Pair of exhibition funny cars

Hurst Hairy Olds is the name given to a pair of exhibition funny cars campaigned by Hurst Performance in 1966 and 1967.

Developed with help from General Motors engineer John Beltz, the Hurst Hairy Olds was built to be a showcase for the then-new chain-driven automatic transaxle of the 1966 Oldsmobile Toronado as well as a rival to the Hurst Hemi Under Glass. There were doubts in the automotive press as to the strength of such a system; the Hairy Olds was designed to dispel these doubts.

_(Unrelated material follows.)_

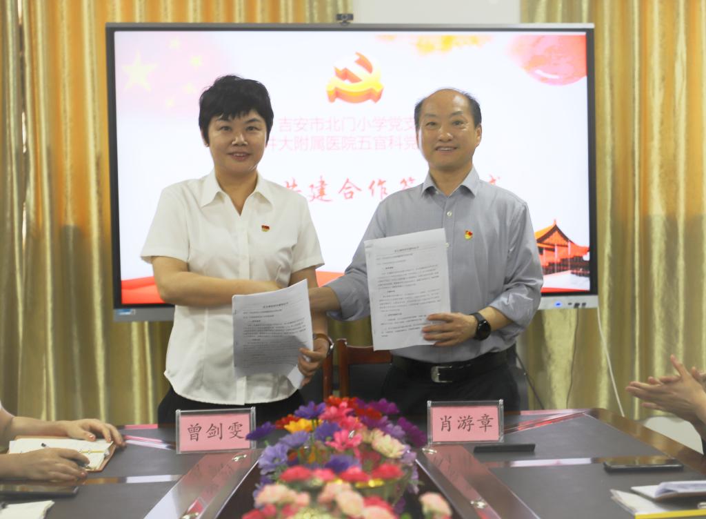 井冈山大学附属医院党委书记肖游章和北门小学党支部书记曾剑雯共同完成了党建共建合作的签约。

The car debuted at a meet in Bakersfield, California on March 4, 1966. Driven by Joe Schubeck, the Hurst Hairy Olds began as a fully trimmed and later upholstered Oldsmobile 442 in body in white (BIW) form. Hurst installed not one but two 425 in³ (7 L) Oldsmobile engines and Toronado transaxles both front and rear; a pair of drag parachutes were mounted in the stock taillight positions and four-wheel disc brakes were fitted as well. Two engines meant two of virtually everything in the cockpit related to the operation of the car, including two cable-operated shifters, two tachometers, two sets of oil pressure and temperature gauges and even two accelerator pedals. Additional power was provided via a Cragar Equipment-modified 6-71 GMC supercharger atop each engine, each burning a blend of nitromethane and alcohol. Weight was reduced through the use of aluminum body components and Plexiglas windows. The result was a 2400-horsepower, four-wheel-drive exhibition drag racer which smoked its front and rear tires down the length of the race track with times in the eleven-second range.

Although the drive chains held up admirably, the car was not without its problems. The tremendous amount of power at the front wheels caused massive torque steer, resulting in difficulty in keeping the car in a straight line. The rear engine contributed to unloading of the front wheels, which in turn caused the front engine to overspeed. Visibility was poor as well due to tire smoke from both ends of the car. This coupled with engine oil spray out of the valve cover breathers because of the pressure of the superchargers.

A second Hurst Hairy Olds was built in 1967, but was wrecked during an exhibition race in Niagara, New York.

The 1967 car was the subject of one of the most popular model kits of the 1960s, a 1/24 version produced by Monogram.

----

The 1966 car presently resides at the R.E. Olds Transportation Museum in Lansing, Michigan; the wrecked 1967 car was shipped back to Hurst Performance and dismantled.